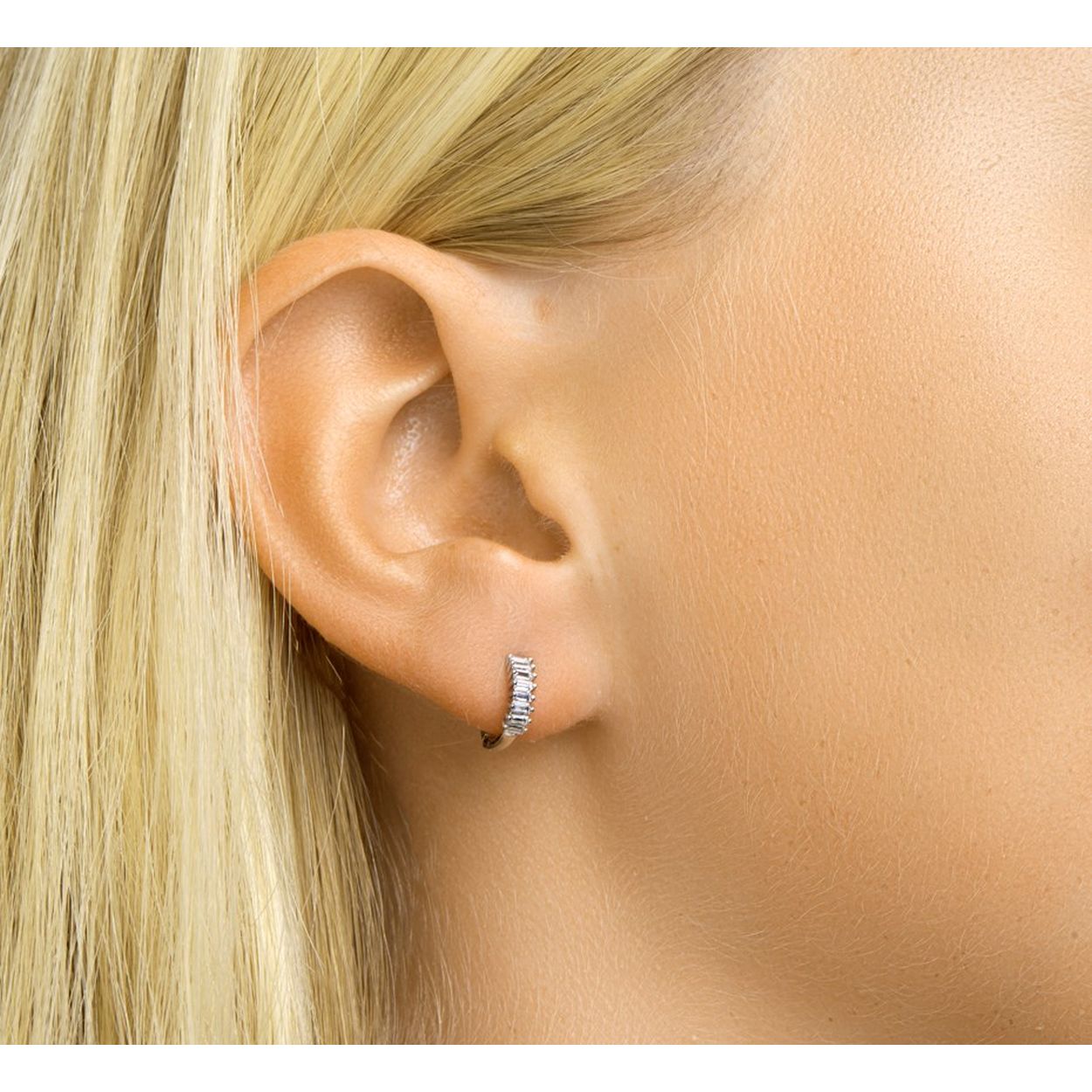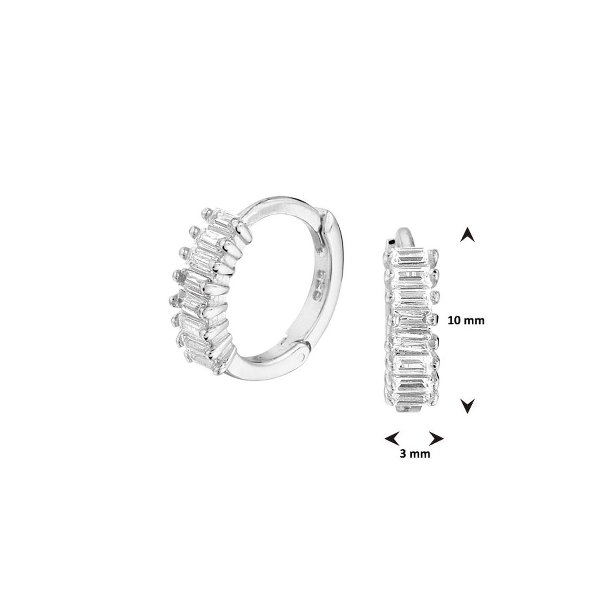 Gerhodineerd 925 zilveren oorringen met scharnier uitgevoerd met een schitterende zirkonia rij. De oorringen hebben een diameter van 10mm.
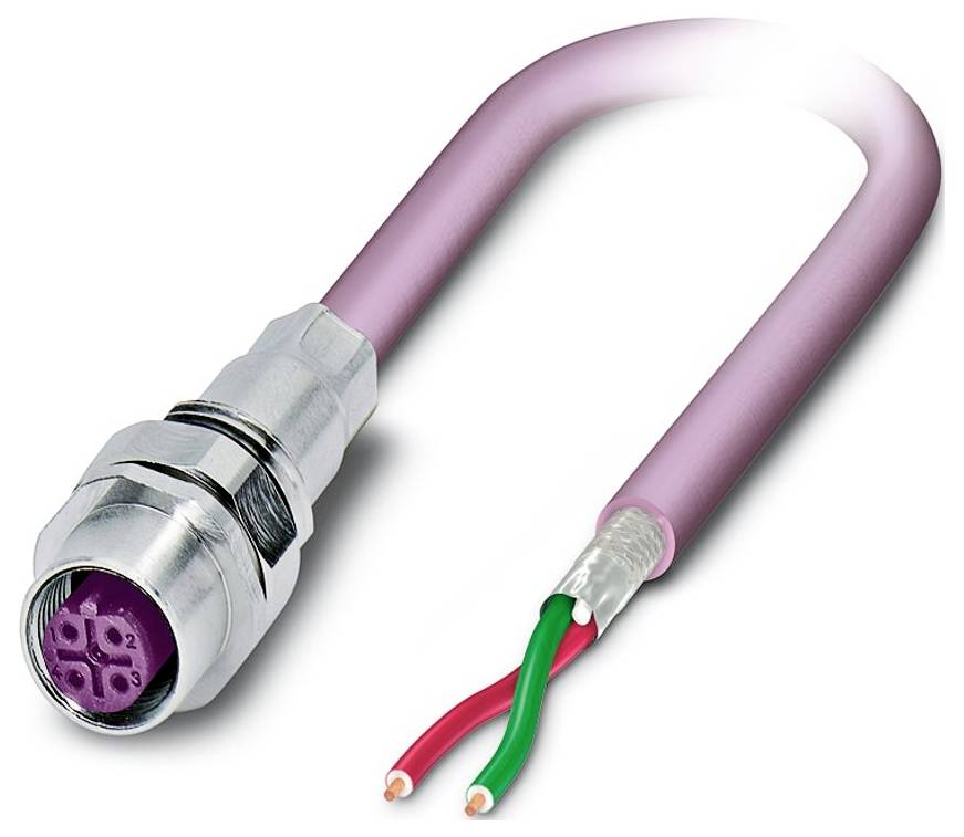 Un câble coaxial rose avec un connecteur métallique à une extrémité ; des fils rouge et vert exposés à l'autre extrémité.
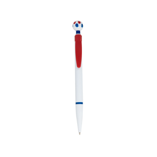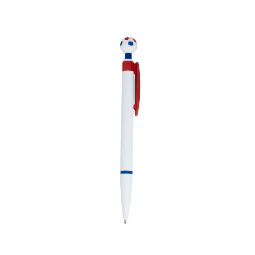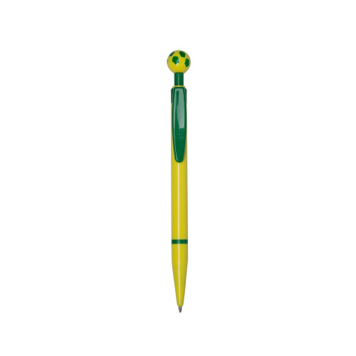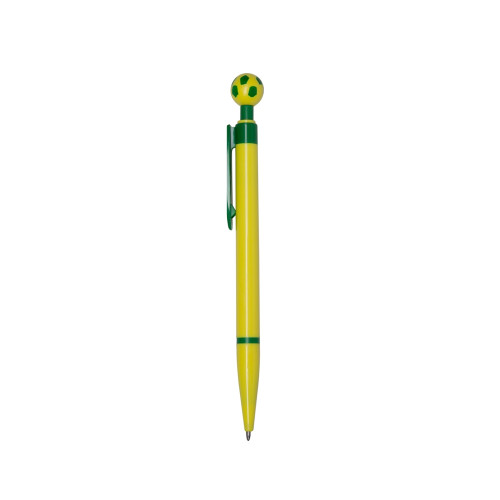 Descrição: Caneta plástica amarela com detalhes verdes. Possui bola de futebol no clip, parte inferior com anel verde. Aciona por clique.
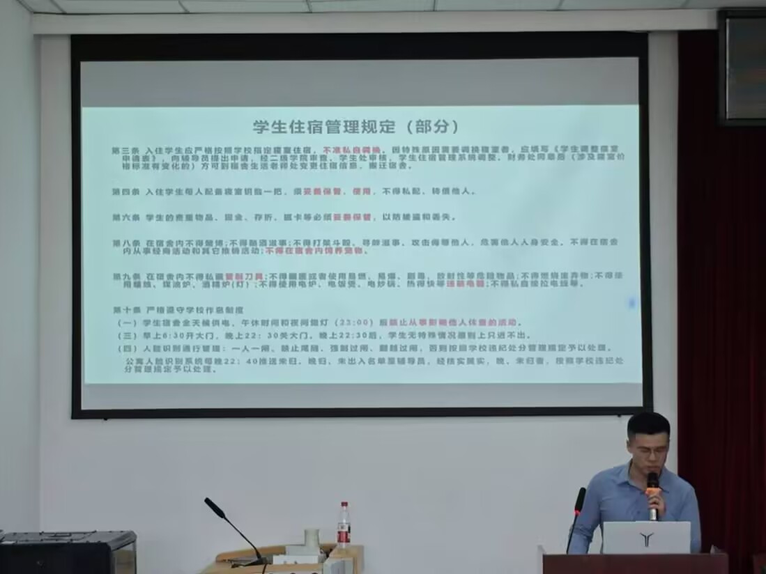 会议伊始,分团委书记张徐宇发表讲话。他对《重庆工程学院学生宿舍管理规定》进行了详细解读,明确了住宿调换的审核流程、宿舍安全禁令、日常作息要求及卫生值日安排,并提醒同学们严格遵守安全纪律,自觉维护寝室环境卫生,积极协调室友之间的关系。会议最后,党总支书记唐和平作总结发言。他重点强调了寝室长在寝室建设中的关键作用,希望各位寝室长以身作则,带动室友共同遵守学校相关规定。唐书记的讲话充分体现了学院对学生寝室安全与卫生工作的高度重视。
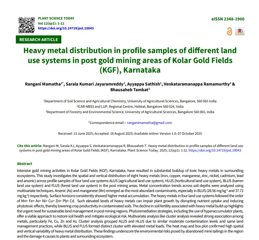Intensive gold mining activities in Kolar Gold Fields (KGF), Karnataka, have resulted in substantial buildup of toxic heavy metals in surrounding ecosystems. This study investigates the spatial and vertical distribution of eight heavy metals (iron, copper, manganese, zinc, nickel, cadmium, lead and arsenic) across profile samples of four land use systems ALUS (agricultural land use system), HLUS (horticultural land use system), BLUS (barren land use system) and FLUS (forest land use system) in the post mining areas. Metal concentration trends across soil depths were analyzed using multivariate techniques. Arsenic (As) and manganese (Mn) emerged as the most abundant contaminants, especially in BLUS (28.56 mg kg-1 and 37.72 mg kg-1) respectively. Surface horizons consistently showed higher metal accumulation. The heavy metals in four land use systems followed the order of Mn> Fe> As> Ni> Cu> Zn> Pb> Cd. Such elevated levels of heavy metals can impair plant growth by disrupting nutrient uptake and inducing phytotoxic effects, thereby lowering crop productivity in contaminated soils. The decline in soil fertility associated with heavy metal build up highlights the urgent need for sustainable land management in post mining regions. Phytoremediation strategies, including the use of hyperaccumulator plants, offer a viable approach to restore soil health and mitigate ecological risk. Multivariate analysis like cluster analysis revealed strong association among metals, particularly Fe, Cu, Zn and As. Cluster analysis grouped ALUS and HLUS due to similar moderate contamination levels and same land management practices, while BLUS and FLUS formed distinct cluster with elevated metal loads. The heat map and box plot confirmed high spatial and vertical variability of heavy metal distribution. These findings underscore the environmental risks posed by abandoned mine tailings in the region and the damage it causes to plants and surrounding ecosystem.
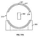 図13を再び参照すると、この実施形態では、取出アセンブリ210は、3つの主構成部品:カバー部212、取出ハウジング214、および取出部材216から構成されている。図17および図17Aを参照すると、取出ハウジング214は、本体201を有するものとして示されている。本体201は、円形基部215を有している。半円形の第1の壁217が、基部215の一部の周りに延在しており、外側上面218および内部上面219を有している。縁220(図17)が外側上面218と内部上面219との間に延在しており、これによって、内部上面219が外側上面218から離間しており、棚を形成している。通路221が、内部上面219から基部215に延在している。コネクター203が、基部215の(半円壁が延在する部分と直接的に向き合った)部分に沿って延在している。コネクター203は、基部215から連続的に延在する表面205を有する楕円形開口を有している。第2の表面206が、コネクターの開口の口部に位置しており、垂直方向に延在する縁207が第1および第2の表面205,206間に延在するように、第1の表面205から離間している。第2の壁209がコネクター203の上面208から上方に延在している。Referring back to FIG. 13, in this embodiment, the
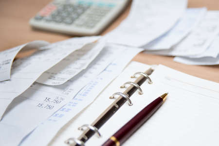 A lot of receipts in paper nail and calculator on the desk, accontancy or tax work concept
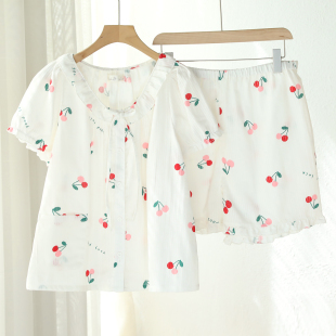 三件套带胸垫可外穿春秋薄家居服套装 短裤 短袖 猫人睡衣女纯棉夏季

○ ○ ○

> [What you should do]
Would you restate, word for word and with no pictures, only the lines from the opening of the material through the line with "会议伊始,分团委书记张徐宇发", both included?

> [Exercise solution]
 Gerhodineerd 925 zilveren oorringen met scharnier uitgevoerd met een schitterende zirkonia rij. De oorringen hebben een diameter van 10mm.
 Un câble coaxial rose avec un connecteur métallique à une extrémité ; des fils rouge et vert exposés à l'autre extrémité.
 Descrição: Caneta plástica amarela com detalhes verdes. Possui bola de futebol no clip, parte inferior com anel verde. Aciona por clique.
 会议伊始,分团委书记张徐宇发表讲话。他对《重庆工程学院学生宿舍管理规定》进行了详细解读,明确了住宿调换的审核流程、宿舍安全禁令、日常作息要求及卫生值日安排,并提醒同学们严格遵守安全纪律,自觉维护寝室环境卫生,积极协调室友之间的关系。会议最后,党总支书记唐和平作总结发言。他重点强调了寝室长在寝室建设中的关键作用,希望各位寝室长以身作则,带动室友共同遵守学校相关规定。唐书记的讲话充分体现了学院对学生寝室安全与卫生工作的高度重视。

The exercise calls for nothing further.